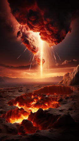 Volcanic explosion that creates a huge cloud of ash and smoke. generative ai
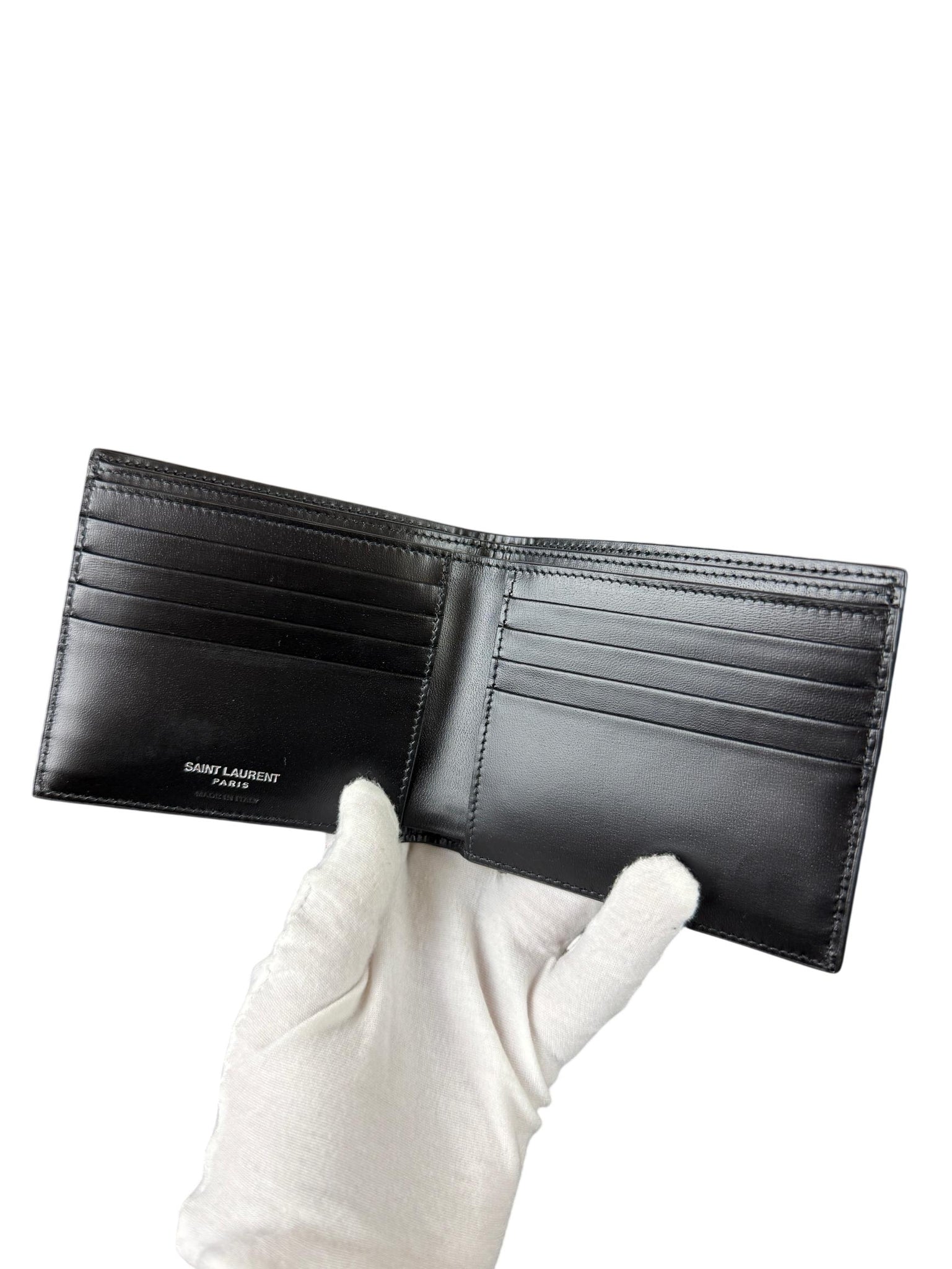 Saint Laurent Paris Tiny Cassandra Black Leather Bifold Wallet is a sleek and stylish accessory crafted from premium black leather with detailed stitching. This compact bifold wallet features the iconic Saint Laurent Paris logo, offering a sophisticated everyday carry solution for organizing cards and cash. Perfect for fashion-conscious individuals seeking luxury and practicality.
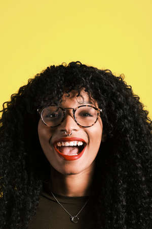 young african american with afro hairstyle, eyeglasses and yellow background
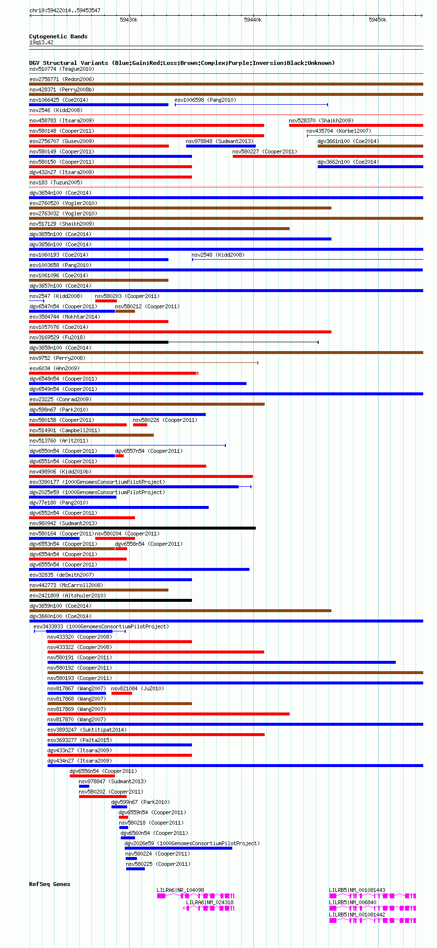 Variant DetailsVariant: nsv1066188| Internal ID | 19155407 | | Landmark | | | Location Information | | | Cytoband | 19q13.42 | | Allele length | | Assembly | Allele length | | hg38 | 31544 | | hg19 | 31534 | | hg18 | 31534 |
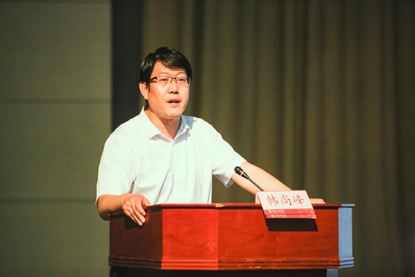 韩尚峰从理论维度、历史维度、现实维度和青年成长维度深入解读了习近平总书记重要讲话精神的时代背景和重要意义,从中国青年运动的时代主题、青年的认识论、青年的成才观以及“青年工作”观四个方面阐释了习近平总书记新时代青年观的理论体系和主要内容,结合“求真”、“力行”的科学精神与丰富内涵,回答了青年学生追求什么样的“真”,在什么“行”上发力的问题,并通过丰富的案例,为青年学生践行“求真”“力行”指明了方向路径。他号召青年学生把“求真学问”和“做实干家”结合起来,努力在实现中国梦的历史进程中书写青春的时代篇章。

==

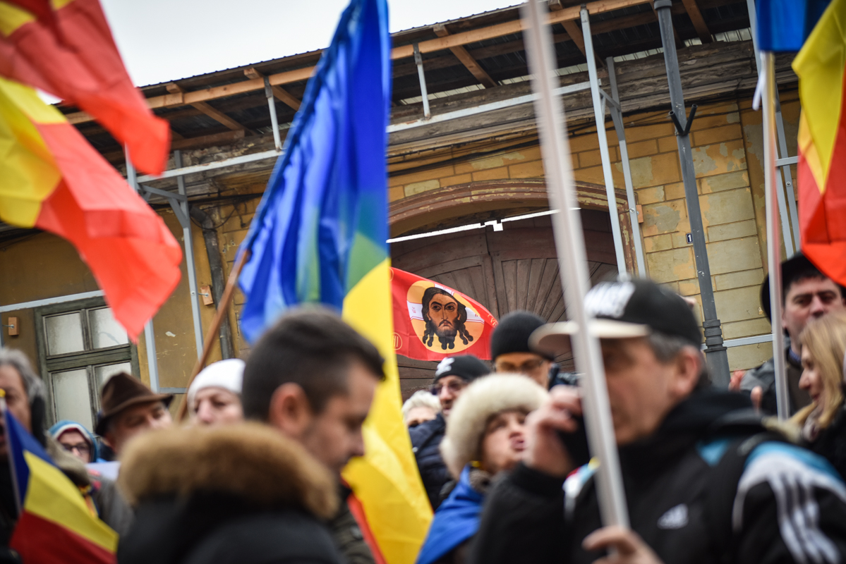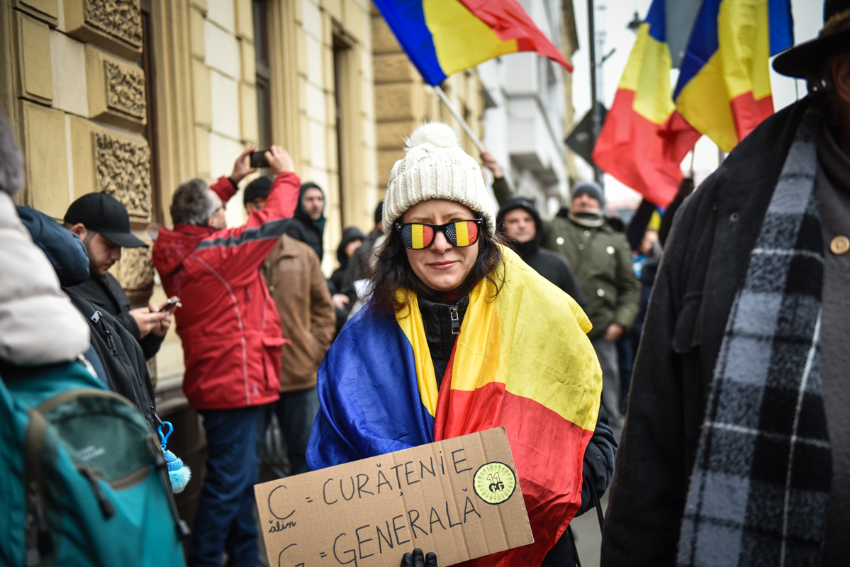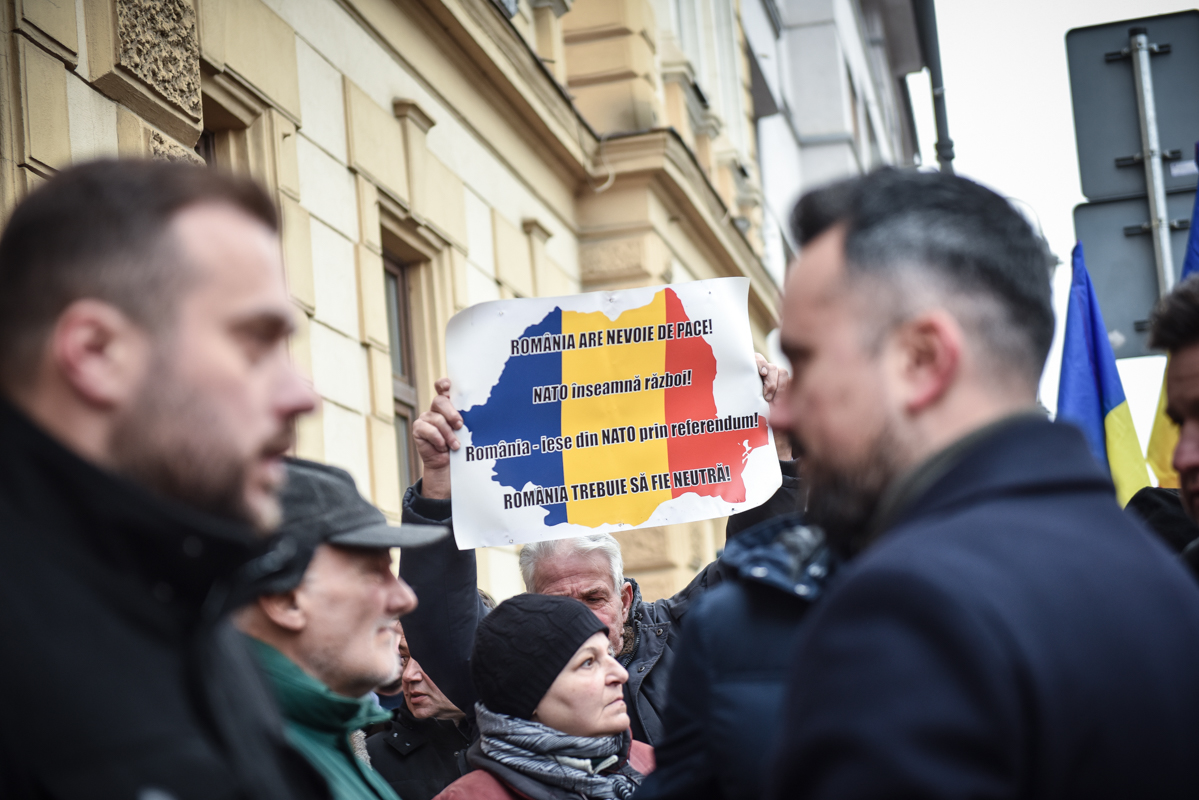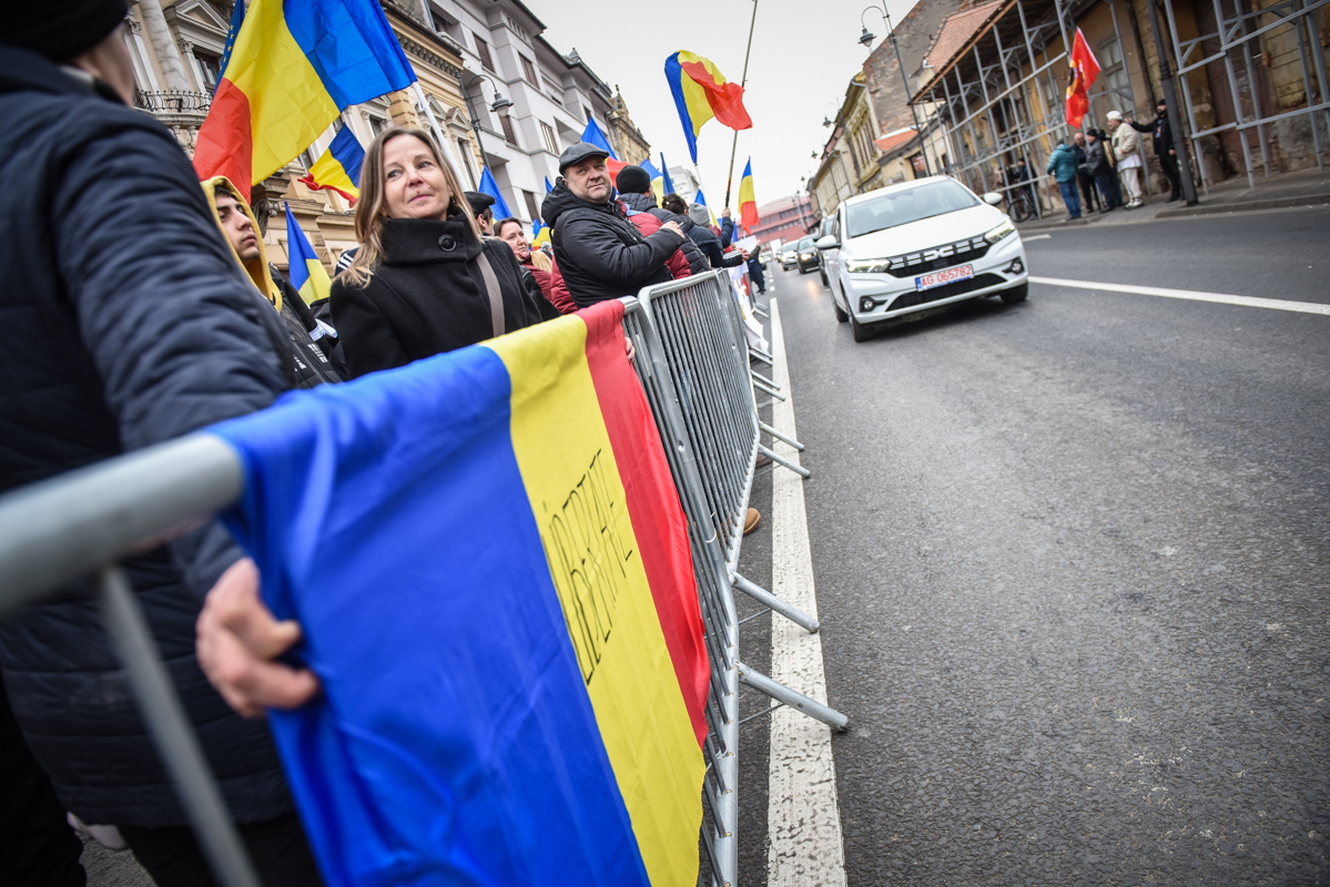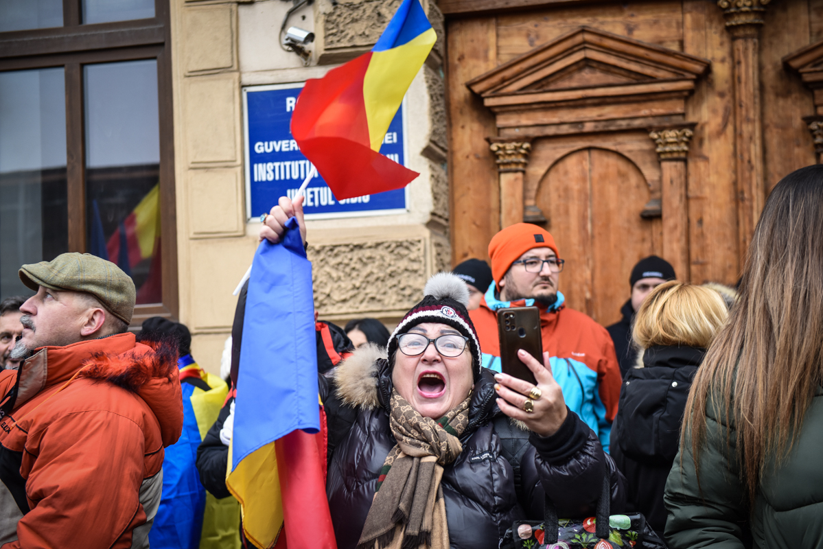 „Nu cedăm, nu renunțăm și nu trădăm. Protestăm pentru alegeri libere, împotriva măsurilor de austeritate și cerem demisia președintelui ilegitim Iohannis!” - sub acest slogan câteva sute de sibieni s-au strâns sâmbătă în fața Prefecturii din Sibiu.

* * *

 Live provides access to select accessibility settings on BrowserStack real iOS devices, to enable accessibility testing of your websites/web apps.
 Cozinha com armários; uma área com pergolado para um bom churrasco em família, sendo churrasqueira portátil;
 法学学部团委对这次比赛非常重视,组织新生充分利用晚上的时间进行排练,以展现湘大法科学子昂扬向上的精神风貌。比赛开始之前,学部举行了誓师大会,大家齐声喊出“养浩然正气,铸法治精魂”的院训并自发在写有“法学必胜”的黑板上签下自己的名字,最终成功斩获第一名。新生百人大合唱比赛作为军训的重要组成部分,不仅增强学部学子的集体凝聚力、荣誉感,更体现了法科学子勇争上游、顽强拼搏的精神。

■ AIM OF THE TASK: Only one stretch of the listing is wanted: the lines starting at the one with "young african american" and ending at the one with "韩尚峰从理论维度、历史维度、", copied exactly and free of pictures.

■ WRITTEN RESPONSE:
 young african american with afro hairstyle, eyeglasses and yellow background
 Variant DetailsVariant: nsv1066188| Internal ID | 19155407 | | Landmark | | | Location Information | | | Cytoband | 19q13.42 | | Allele length | | Assembly | Allele length | | hg38 | 31544 | | hg19 | 31534 | | hg18 | 31534 |
 韩尚峰从理论维度、历史维度、现实维度和青年成长维度深入解读了习近平总书记重要讲话精神的时代背景和重要意义,从中国青年运动的时代主题、青年的认识论、青年的成才观以及“青年工作”观四个方面阐释了习近平总书记新时代青年观的理论体系和主要内容,结合“求真”、“力行”的科学精神与丰富内涵,回答了青年学生追求什么样的“真”,在什么“行”上发力的问题,并通过丰富的案例,为青年学生践行“求真”“力行”指明了方向路径。他号召青年学生把“求真学问”和“做实干家”结合起来,努力在实现中国梦的历史进程中书写青春的时代篇章。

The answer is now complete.